TASK OBJECTIVE: Restate the data word for word and leave the images out.

━━ SUPPLIED MATERIAL

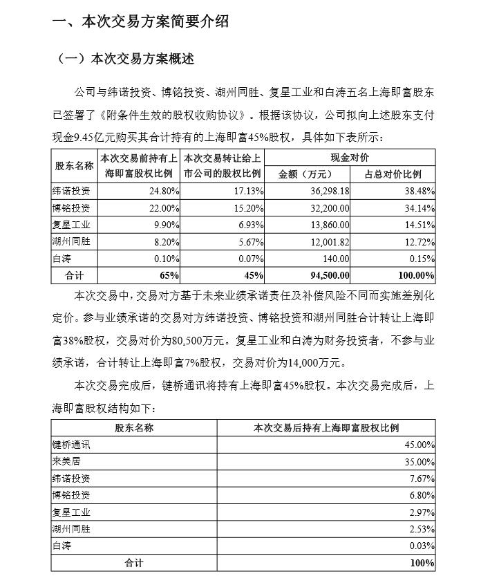 2016年10月17日,键桥通讯与纬诺投资、博铭投资、复星工业、湖州同胜、白涛、黄喜胜和王雁铭签署了《附条件生效的股权收购协议》,公司拟向上述股东支付现金9.45亿元购买其合计持有的上海即富45%股权,根据《重组管理办法》的规定,本次交易构成重大资产重组。交易完成后,公司将成为上海即富的第一大股东,根据《附条件生效的股权收购协议》,届时上海即富将设7名董事席位,公司有权按照法定程序向上海即富推荐4名董事候选人,上海即富的董事长及法定代表人由公司推荐人员担任,上海即富将纳入公司合并报表范围。
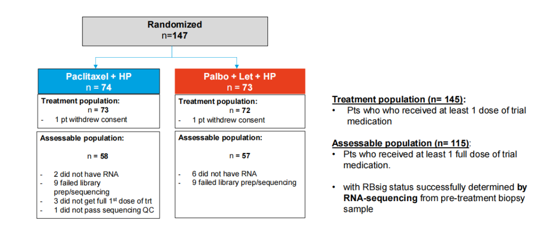 主要研究目标是评估E2F通路活性(RBsig)基因特征与病理完全缓解率(pCR,定义为ypT0/ypTis ypN0)之间的交互作用,假设RBsig高的肿瘤在T+HP组具有更高的pCR率,而RBsig低的肿瘤在Pal+L+HP组中具有更高的pCR率。RNA测序通过NEBNext®UltraTM II方向性RNA文库制备试剂盒完成,并使用Twist Human Core Exome+Custom IntegraGen富集系统进行捕获,100对端读取。RBsig评分通过标准化所有基因表达值后求和计算,并按中位数将评分分为高低两组。通过逻辑回归模型评估治疗与RBsig的交互作用。
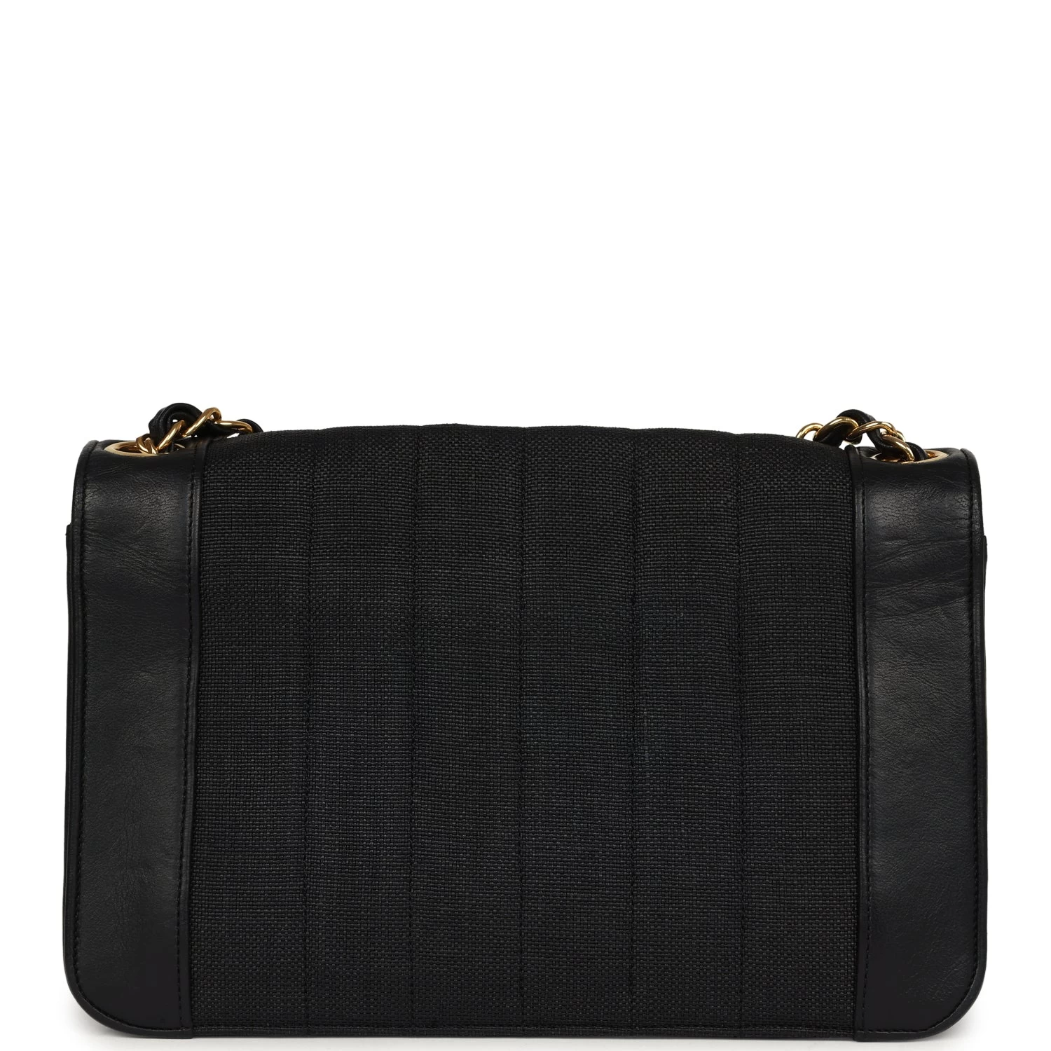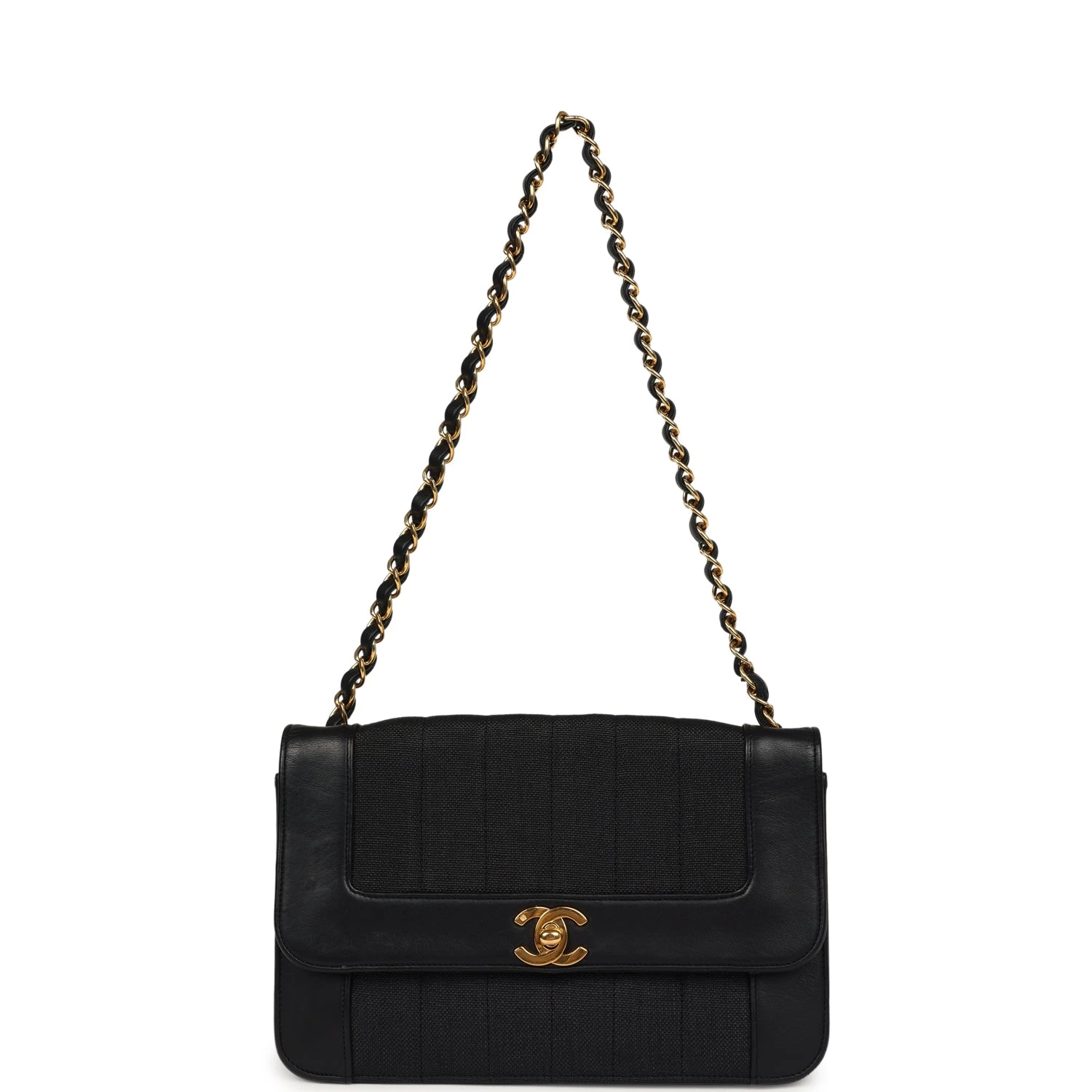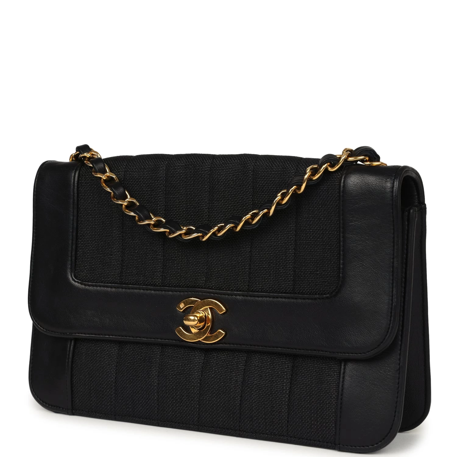 This Vintage Vertical Border Flap Bag is in black linen with bordering black lambskin leather, gold hardware, a front flap with snap closure, and an interwoven black leather and gold chain link shoulder/crossbody strap.

━━━━

RESULT FOR THIS TASK:
 2016年10月17日,键桥通讯与纬诺投资、博铭投资、复星工业、湖州同胜、白涛、黄喜胜和王雁铭签署了《附条件生效的股权收购协议》,公司拟向上述股东支付现金9.45亿元购买其合计持有的上海即富45%股权,根据《重组管理办法》的规定,本次交易构成重大资产重组。交易完成后,公司将成为上海即富的第一大股东,根据《附条件生效的股权收购协议》,届时上海即富将设7名董事席位,公司有权按照法定程序向上海即富推荐4名董事候选人,上海即富的董事长及法定代表人由公司推荐人员担任,上海即富将纳入公司合并报表范围。
 主要研究目标是评估E2F通路活性(RBsig)基因特征与病理完全缓解率(pCR,定义为ypT0/ypTis ypN0)之间的交互作用,假设RBsig高的肿瘤在T+HP组具有更高的pCR率,而RBsig低的肿瘤在Pal+L+HP组中具有更高的pCR率。RNA测序通过NEBNext®UltraTM II方向性RNA文库制备试剂盒完成,并使用Twist Human Core Exome+Custom IntegraGen富集系统进行捕获,100对端读取。RBsig评分通过标准化所有基因表达值后求和计算,并按中位数将评分分为高低两组。通过逻辑回归模型评估治疗与RBsig的交互作用。
 This Vintage Vertical Border Flap Bag is in black linen with bordering black lambskin leather, gold hardware, a front flap with snap closure, and an interwoven black leather and gold chain link shoulder/crossbody strap.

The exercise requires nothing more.